When the community and police fail to provide an adequate response, children often take it upon themselves to make their homes safe for themselves and mothers. In 1985, 63 percent of the young males between the ages of 11 and 20 who are doing time for homicide killed their mother's batterer.
Given this information, why does society consider domestic violence as "not a serious call"? Why are there three times the number of shelters for homeless animals (3,200) in the U.S., than for homeless women and children (1,200)? Why do people continue to blame the victim, rather than blame the system for its lack of response?

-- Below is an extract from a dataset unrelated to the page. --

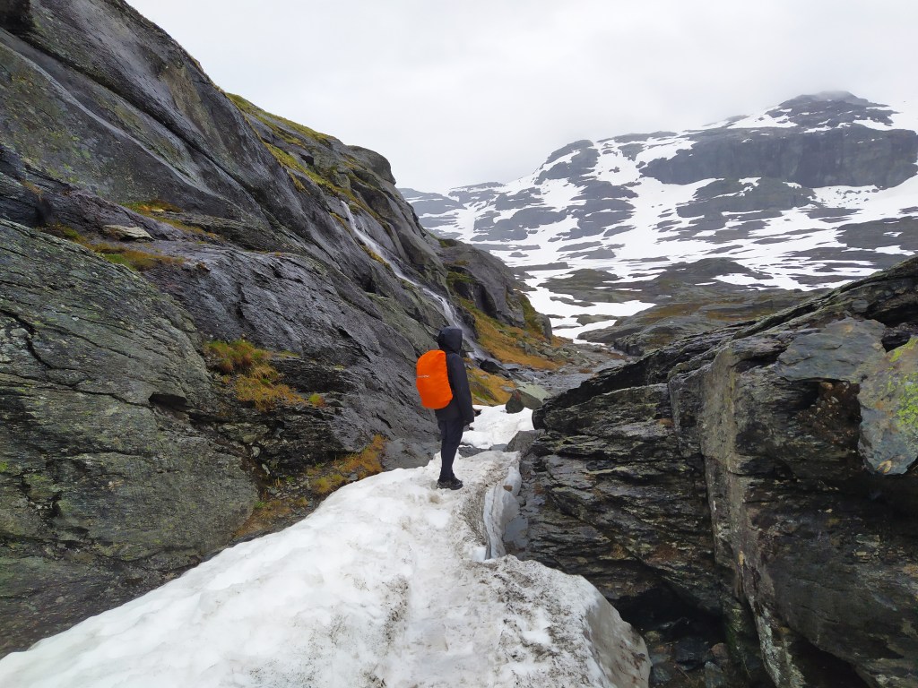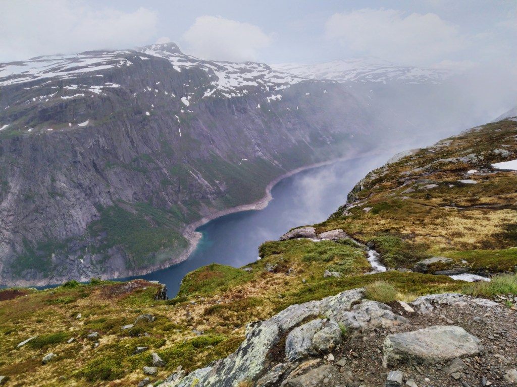 Po výšlapu kopečku se dostanete přibližně do výšky 1000 m.n.m. a odsud začíná pravý 20 km dlouhý (10 tam) hike k výběžku Trolltunga. Cesta je díky obřímu každoročnímu náporu turistů dost vyšlapaná, upravená, často jdete po kamenitých schodech. Je důležité mít na paměti, že se celý hike odehrává ve vysoké nadmořské výšce, takže je tam o dost chladněji než dole a i v létě můžete narazit na sníh (my si ho tam užili dost).
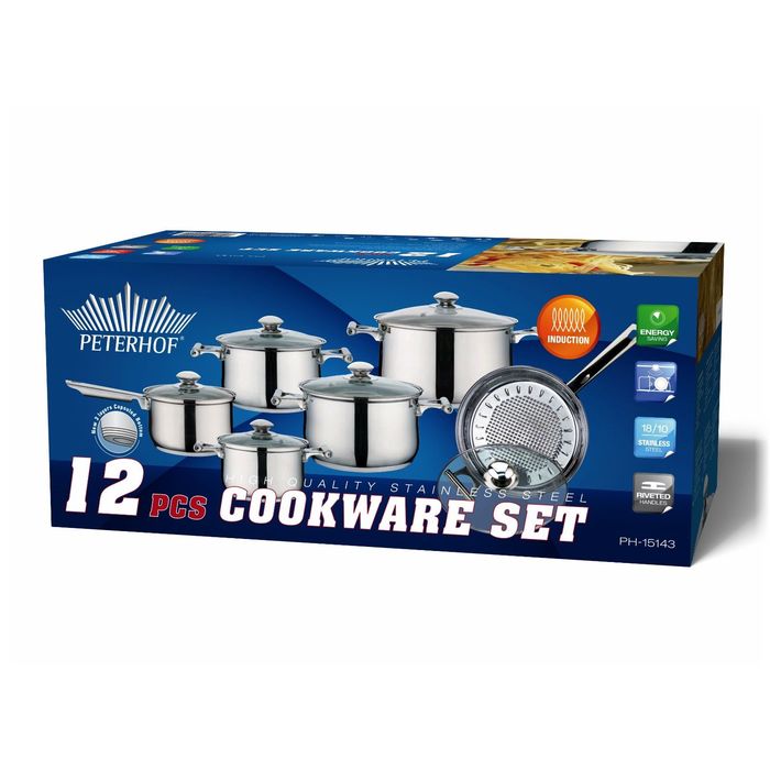 От качества посуды зависит не только вкус еды, но и здоровье человека. Набор посуды PETERHOF с крышками: ковш 2,2 л, кастрюля 2,2 л, 3 л, 4 л, 6,5 л, сковорода, покрытие Xytan, 24 см — товар, соответствующий российским стандартам качества. Любой хозяйке будет приятно держать его в руках. С нашей посудой и кухонной утварью приготовление еды и сервировка стола превратятся в настоящий праздник.

This is clearly not just a police problem. Why should the police bother to make an arrest when they now the city prosecutor probably won't prosecute? Even if a prosecution is successful, judges are lax in holding the batterers accountable for their actions?
This is the situation in Douglas County as I understand it from discussions with women who have tried to work through the system.
Solutions are available. A Violence Against Women Act (S 2754) has been introduced in the U.S. Senate. Part of that bill would aid each state to develop a comprehensive response to domestic violence. Other cities (San Francisco, Duluth, Seattle, for example) have developed successful court and police programs that Omaha should consider modeling.
I support any effort to get more police onto the streets to respond to all calls, but until the medical, social work, law enforcement, legal and judicial communities develop a coordinated effort to protect women and children, the fastest response times, without arrest, are going to do little to prevent or resolve the problem of domestic violence in Omaha.